M.P. for Leicestershire
- In office 23 September 1313 – 15 November 1313
- Monarch: Edward II

M.P. for Northamptonshire
- In office 28 April 1343 – 20 May 1343
- Monarch: Edward III

= William Brabazon (Leics MP 1313) =

English politician

Sir William Brabazon, of Sproxton, Leicestershire was an English politician who represented Leicestershire and Northamptonshire in Parliament.

==Ancestry==
He was descended from Matthew Brabazon, the younger brother and heir of the Chief Justice of the King's Bench Roger Brabazon.

==Career and life==
William responded to King Edward I's call to arms to gather at Westminster and was knighted by Edward, the then Prince of Wales, in the Feast of the Swans at Westminster Abbey on 22 May 1306.

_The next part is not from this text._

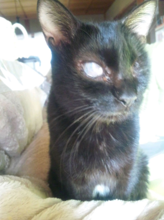 獣医さんからは片方の眼球は生まれつき無く、もう片方は、どこかにぶつけて脱臼、角膜に傷ついてしまい見えない。全盲の猫さんであると知らされました。

Sir William sat in the Parliament of September 1313 for Leicestershire.

He served in Guienne in 1325.

He sat in the Parliament of April 1343 for Northamptonshire.

==Family==
Sir William had the following issue:-

- John Brabazon. Sole daughter and heir Jane married Sir William Woodford, Serjeant-at-law, into which family the Brabazons' lands passed.

Sir William Brabazon was the ancestor of William Brabazon, Lord Justice of Ireland, and his Earl of Meath descendants.